Observational Study
Copyright ©The Author(s) 2020. Published by Baishideng Publishing Group Inc. All rights reserved.
World J Gastroenterol. Nov 7, 2020; 26(41): 6442-6454
Published online Nov 7, 2020. doi: 10.3748/wjg.v26.i41.6442
Ischemic colitis after enema administration: Incidence, timing, and clinical features
Yura Ahn, Gil-Sun Hong, Ju Hee Lee, Choong Wook Lee, Seon-Ok Kim
Yura Ahn, Gil-Sun Hong, Ju Hee Lee, Choong Wook Lee, Department of Radiology and Research Institute of Radiology, University of Ulsan College of Medicine & Asan Medical Center, Seoul 05505, South Korea
Seon-Ok Kim, Department of Clinical Epidemiology and Biostatistics, Asan Medical Center, University of Ulsan College of Medicine, Seoul 05505, South Korea
Author contributions: All authors participated in performance of the research; Ahn Y collected clinical data, searched the literature, interpreted the data, and wrote the first draft of the manuscript; Hong GS designed the study, searched the literature, interpreted the data, and reviewed the manuscript; Lee JH and Choong WL contributed to the critical review of the manuscript; Kim SO performed statistical analyses; all authors approved the final version of the article.
Institutional review board statement: This retrospective study was conducted according to the principles of the Declaration of Helsinki. The study protocol was approved by the Institutional Review Board Committee of the Asan Medical Center, University of Ulsan College of Medicine, Seoul, Korea (No. 2018-0381).
Informed consent statement: The need for informed consent was waived by the Institutional Review Board Committee of the Asan Medical Center.
Conflict-of-interest statement: No benefits in any form have been received or will be received from a commercial party related directly or indirectly to the subject of this article.
Data sharing statement: No additional data are available.
STROBE statement: The authors have read the STROBE Statement—checklist of items, and the manuscript was prepared according to the STROBE Statement—checklist of items.
Open-Access: This article is an open-access article that was selected by an in-house editor and fully peer-reviewed by external reviewers.
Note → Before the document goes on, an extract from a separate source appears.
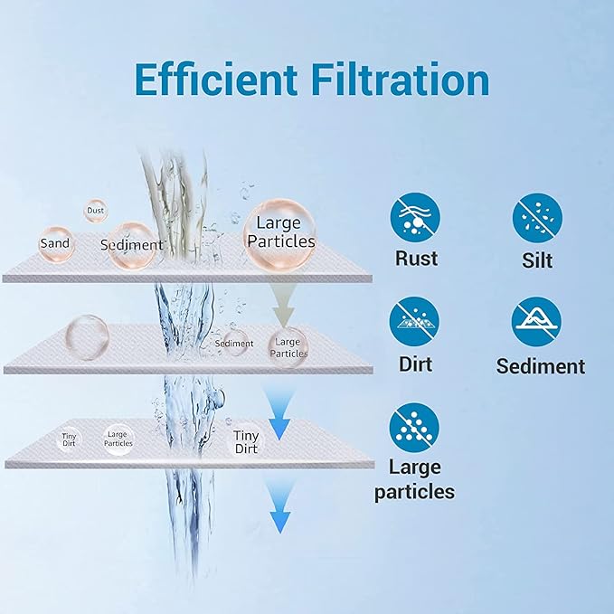 - Efficient Filtration: AQUACREST whole house water filter adopts food-grade material to remove large particles and sediments larger than 5 microns in diameter effectively.
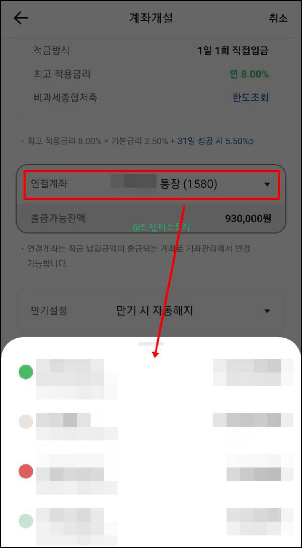 7. 카카오뱅크 입출금 통장 중에 연결계좌를 선택합니다.

It is distributed in accordance with the Creative Commons Attribution NonCommercial (CC BY-NC 4.0) license, which permits others to distribute, remix, adapt, build upon this work non-commercially, and license their derivative works on different terms, provided the original work is properly cited and the use is non-commercial. See: http://creativecommons.org/Licenses/by-nc/4.0/
Corresponding author: Gil-Sun Hong, MD, PhD, Assistant Professor, Department of Radiology and Research Institute of Radiology, University of Ulsan College of Medicine & Asan Medical Center, 88, Olympic-Ro 43-Gil, Songpa-Gu, Seoul 05505, South Korea. hgs2013@gmail.com
Received: August 3, 2020
Peer-review started: August 3, 2020
First decision: August 22, 2020
Revised: September 5, 2020
Accepted: October 1, 2020
Article in press: October 1, 2020
Published online: November 7, 2020
ARTICLE HIGHLIGHTS
Research background

Many patients usually give themselves enema at home due to over-the-counter medications. However, the number of patients referred to the emergency department for enema has increased over time. Enema administration is one of the most common procedures in the emergency department.

Research motivation

Several published case reports of enema-related ischemic colitis (IC) have raised concerns regarding the safety of enema agents. However, information on its true incidence and characteristics are still lacking. There have been no studies that systemically investigate enema-related IC.

Research objectives

Our purpose is to investigate the incidence, timing and risk factors of IC in patients receiving enema.

Research methods

We analyzed data from the database of patients with IC after enema administration at the Emergency Department of the Asan Medical Center from 2010 to 2018. The symptoms, laboratory findings, age-adjusted Charlson comorbidity index score, constipation score, medication, time interval from enema administration to occurrence of IC, treatment, and treatment outcome were analyzed.

Research results

The incidence of IC was 0.23%, and it occurred mostly in elderly patients in the early period following glycerin enema administration but not after the use of other enema agents. The constipation score and leukocytosis were independent risk factors for glycerin-related IC.

Research conclusions

We found out that glycerin-related IC is very rare, but mainly occurs in the elderly in the early post-enema period. The constipation score and leukocytosis could help in prediction of an IC following glycerin enema.

Research perspectives

This could provide useful information for the triage of patients necessitating observation after glycerin enema administration in the emergency department.